The remainder of this article empirically reconstructs police arguments against the use of private sector technology. Three key themes emerging from the empirical data will be discussed. The first theme pertains to data and the reluctance to share sensitive data with third parties. The second theme pertains to analytical processes and the ambition that these should remain understandable for the police themselves. And the third theme relates to the fact that police work should, at least in principle, remain understandable for the general public as well. Taken together, they arguably express a desire to stay digitally sovereign vis-à-vis the democratic pitfalls that data-driven and algorithmically mediated technologies present.

Data sharing

Predictive policing software runs on data. From a private sector perspective, real crime data provided by police departments offer the best chance to render their products most efficient. Similar to training data in machine learning, as one industry representative explained, their company considered the use of actual crime data key to the successful implementation and adjustment of their product, as it allowed them to identify spaces historically susceptible to serial criminal activity and use these historical vulnerabilities as a baseline for the identification of future risk. Without tweaking the algorithm of their software based on such data, they claimed no accurate statements about future crime risk could be computed (I 01). Moreover, as they explained, historical data analysis would need to be repeated in regular intervals due to recursive interaction effects between crime prevention and offender behaviour:

You need to adjust the software. The very moment you start using software and have officers patrol in a targeted fashion, you also change offender behavior. You get a reaction. That means near-repeat areas won’t remain near-repeat areas forever.Footnote39 You can simulate that. Our usual simulation period is three years. And as a result, you get a certain number of areas that had high crime rates. And if there were high crime rates in the past three years, then there’s a high likelihood for high crime rates in year four as well. But if you look at these areas at a different point in time – six years ago, you’ll see a difference. (I 01)

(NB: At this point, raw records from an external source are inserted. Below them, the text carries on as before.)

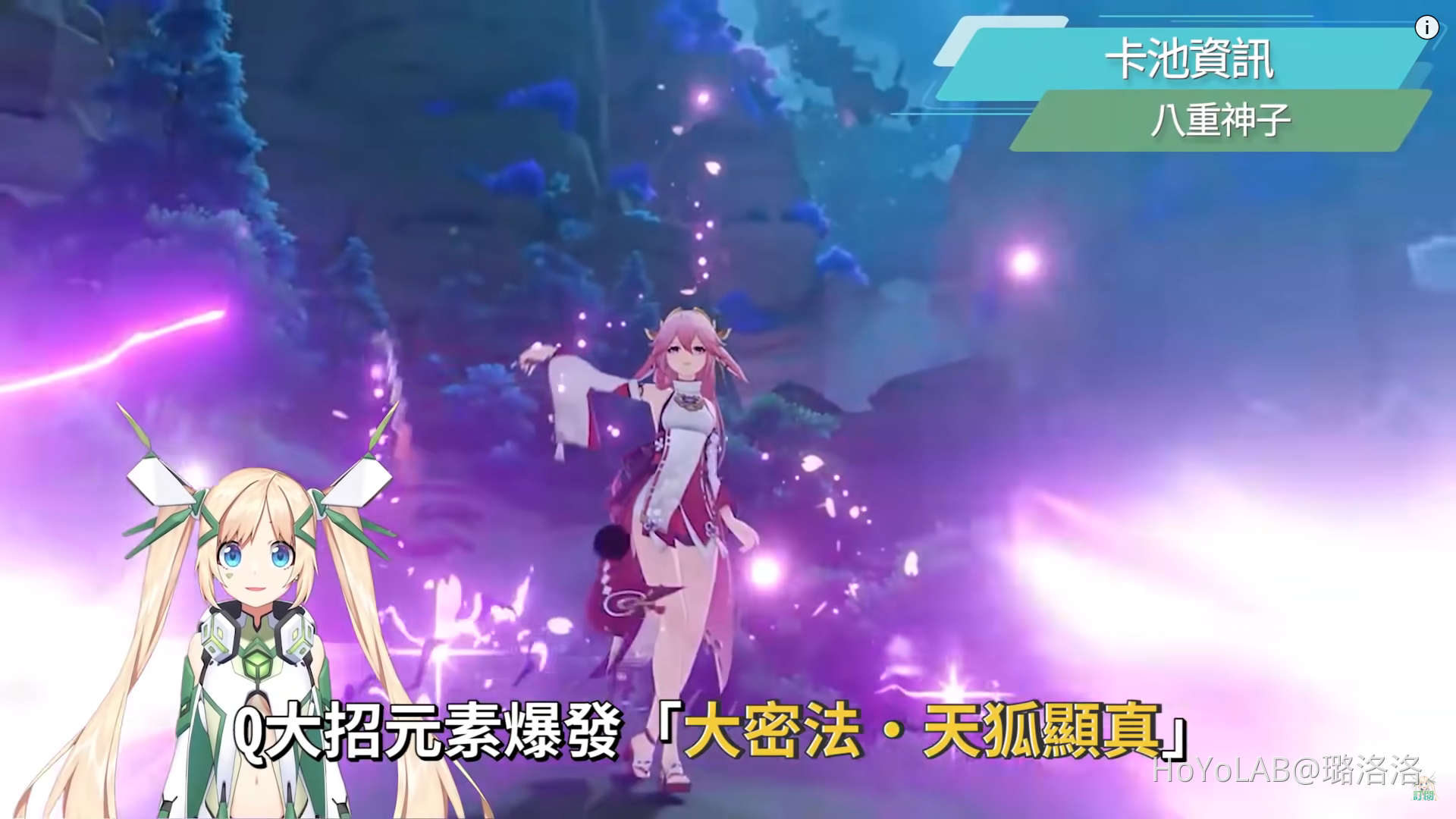 首先在2/16版本更新後登場的就是2.5版本的新角色八重神子,卡池時間為2/16~3/8,同一卡池中也會同步實裝八重神子的專屬新武器「神樂之真意」,至於卡池同步會實裝哪些四星角色在直播中未公布,不過既然有主打雷元素輸出的八重神子和雷電將軍的出現,洛洛就會蠻期待九條裟羅可以加倍的,若是想玩雷隊,滿命九條所帶來的雷元素暴傷加成可是非常香的,後續就請大家等候官方平台公告吧!畢竟抽卡都是以五星角色為主再去順帶撈同一期的四星角色。接下來則大致說明一下八重神子的角色定位和天賦特性。
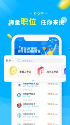 月交子是一款十分不错的找零工服务软件,月交子app所有职位均为平台负责招聘和服务,随时都可以来这里寻找你喜欢的工作,不管是暑假工还是周末工都可以满足到,也可以认定一个岗位目标来介绍自己入职,更重要的是可以让你充分利用空余时间自由接单,根据个人搜索精准匹配,个人更满意,企业更高效,任务完成后薪资实时到账,无需担心工资问题。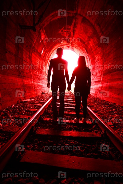 Пара в любви в туннеле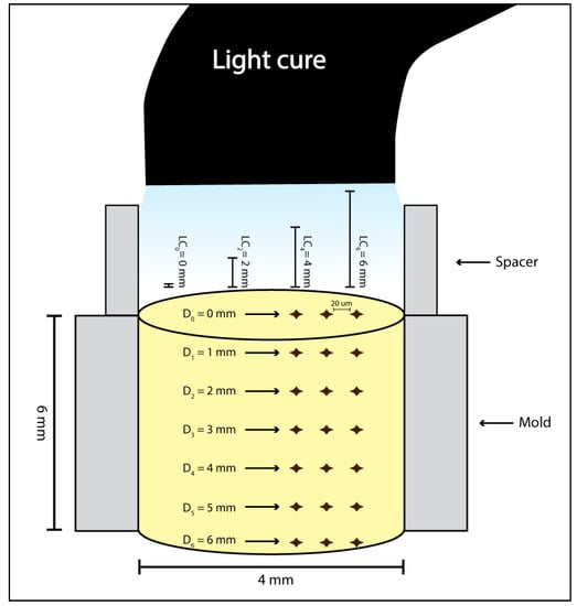 - Moore, B.K.; Platt, J.A.; Borges, G.; Chu, T.M.; Katsilieri, I. Depth of cure of dental resin composites: ISO 4049 depth and microhardness of types of materials and shades. Oper. Dent. 2008, 33, 408–412. [Google Scholar] [CrossRef]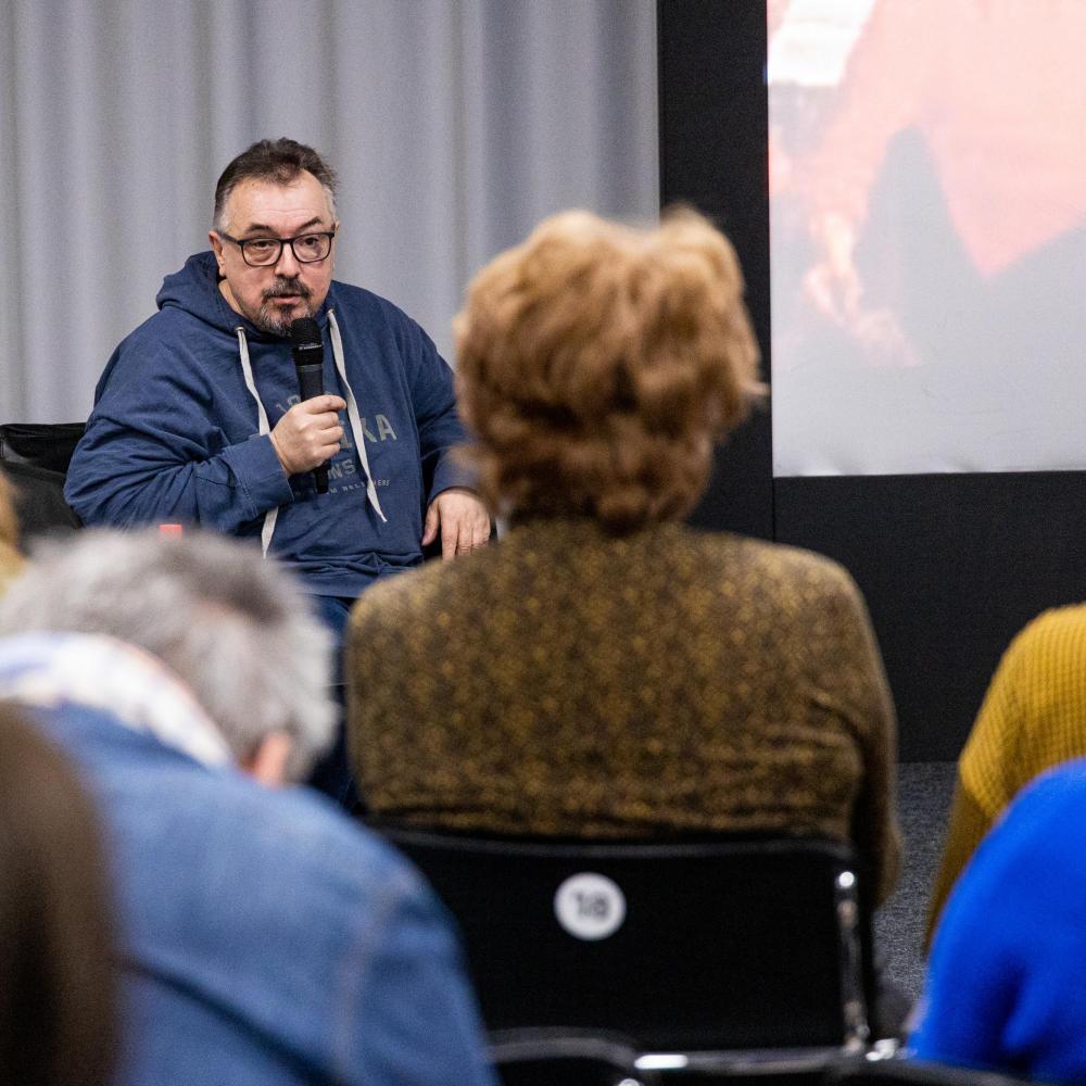 Фото: Александр Мехоношин 01 /04 Лекция Вячеслава Шмырова о кинорежиссере Ларисе ШепитькоАссистент по снегу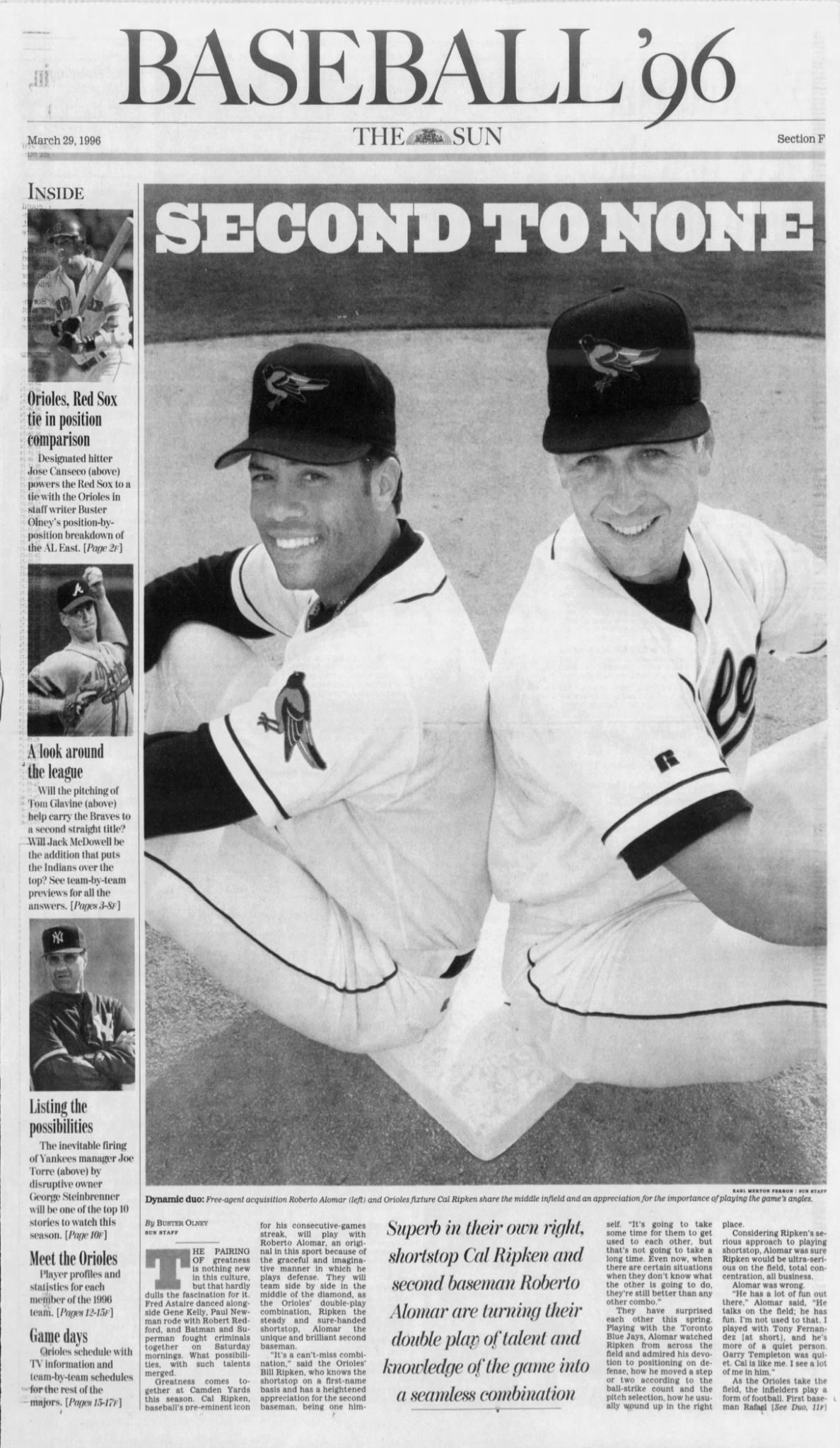 Today’s Sun had an entire section devoted to the new baseball season. It included analysis of every team and little profiles on each member of the O’s Opening Day roster. As you can see, star second baseman Robbie Alomar’s arrival in Baltimore is the big news.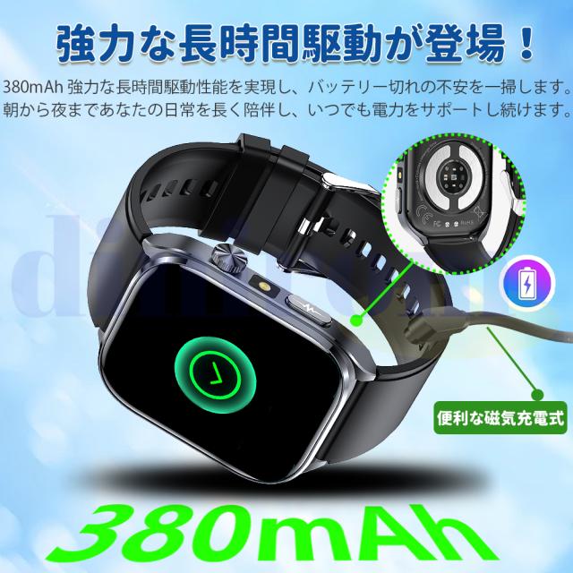 長い持ちの380mAhバッテリー搭載され、一回フル充電、機能全開の場合は、2-4日ほど持ちます。一部の機能がオンになっている場合、5~7日間の連続使用も問題なく、待機時間は最大約20日間です。頻繁に充電する手間が省けます。通知やBluebooth通話などの基本的なスマートウォッチ機能に加え、例えば、ストップウォッチ、カウントダウン、歩数計、カロリー、距離、睡眠監視、音声アシスタント、携帯検索、天気予報、音楽コントロール、名刺、電卓、カレンダー、多言語、遠隔カメラ、目覚まし時計、SOSなど、日常生活をより快適にする機能が搭載されています。ios13.0以上、android8.0以上のスマホに対応可能、さまざまシーンで使用できます。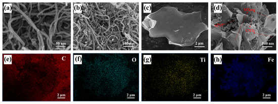 The microscopic morphology and elemental composition of the CNTs, functionalized CNTs, MXene and nZVI/MXene@CNTs were observed by SEM and EDS-mapping (Figure 2). As shown in Figure 2a, there were numerous impurities, such as amorphous carbon and agglomerates, on the original CNTs surface. However, following acidification, the surface of the CNTs became rough, showing a considerable reduction in length, diameter and impurity (Figure 2b). The prepared MXene showed a two-dimensional stack of lamellae (Figure 2c). With the addition of the nZVI and functionalized CNTs, a cross-linked and interlaced three-dimensional intercalation structure was produced, and many nZVI catalytic units were evenly coated on the surface or embedded within (Figure 2d). A considerable number of C, O, Ti and Fe elements were visible in the EDS-mapping energy spectrum (Figure 2e–h), and each element was evenly distributed on the material surface. The original morphology of nZVI/MXene@CNTs was retained after repeated ultrasonic treatment, demonstrating good stability.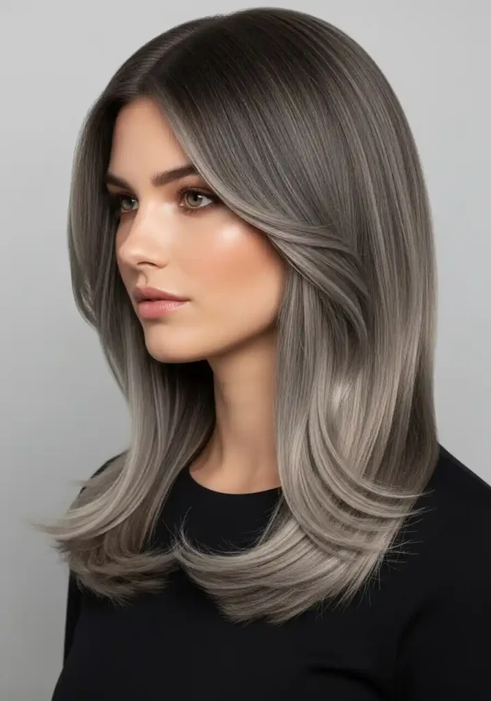 The smoky quality of this root blend performs a particularly effective visual function in relation to the face, as the cool, muted gray-brown tone at the root creates a softening, flattering transition between the hairline and the complexion that prevents any starkness or contrast from appearing at the most visible and most closely observed part of the hair. This softening effect is especially valuable for women who find that the abrupt transition between their natural gray root and their existing hair color creates an impression of harshness that they want to address without committing to a full color service every four weeks. A cool-toned toning shampoo used weekly at home maintains the smoky gray quality of the root blend between appointments.

For the police, the use of commercial software then turns into a trade-off between effectiveness and the willingness to share crime data with private companies. For interviewees, this trade-off involved considerations that tie in neatly with the expansion of digital sovereignty to the individual, i.e. “the more or less abstract idea that individuals, specific groups, or communities should retain control over the handling of their data.”Footnote40 As part of their core task of knowledge production, the police produce large amounts of data on a daily basisFootnote41 and these data are prone to be particularly sensitive as they contain personal data. Individual citizens, in other words, have a chance to be represented in police data in multiple roles: as suspects, victims, or witnesses. These links must not be even be direct ones, but can also become established via proxies. In the case of residential burglary, for example, the street address or GIS coordinates in the data might more or less easily reveal who had been victimized. Many of the researched police departments thus decided that potentially sensitive crime data should not be accessible to commercial third-party actors. As one respondent forcefully argued, their department came to the conclusion that using commercial software would have been a “deal-breaker” in this context (P 30). And as another analyst framed it, their department was in fact somewhat worried about the public perception of police data sharing practices, rendering the in-house development of their own tool a viable alternative as it would not involve data sharing:

We wanted to do this without having a company looking at our data. I’m not sure whether citizens would think that’s a good idea. That’s also what we hear from other public agencies: that people are not thrilled that commercial companies work with their data. I mean [commercial software suppliers] need our data to create their models, just like we work with our data. And of course they sign data protection agreements and non-disclosure agreements. But still, maybe the better way forward is to ask whether we can’t do this ourselves. (I 31)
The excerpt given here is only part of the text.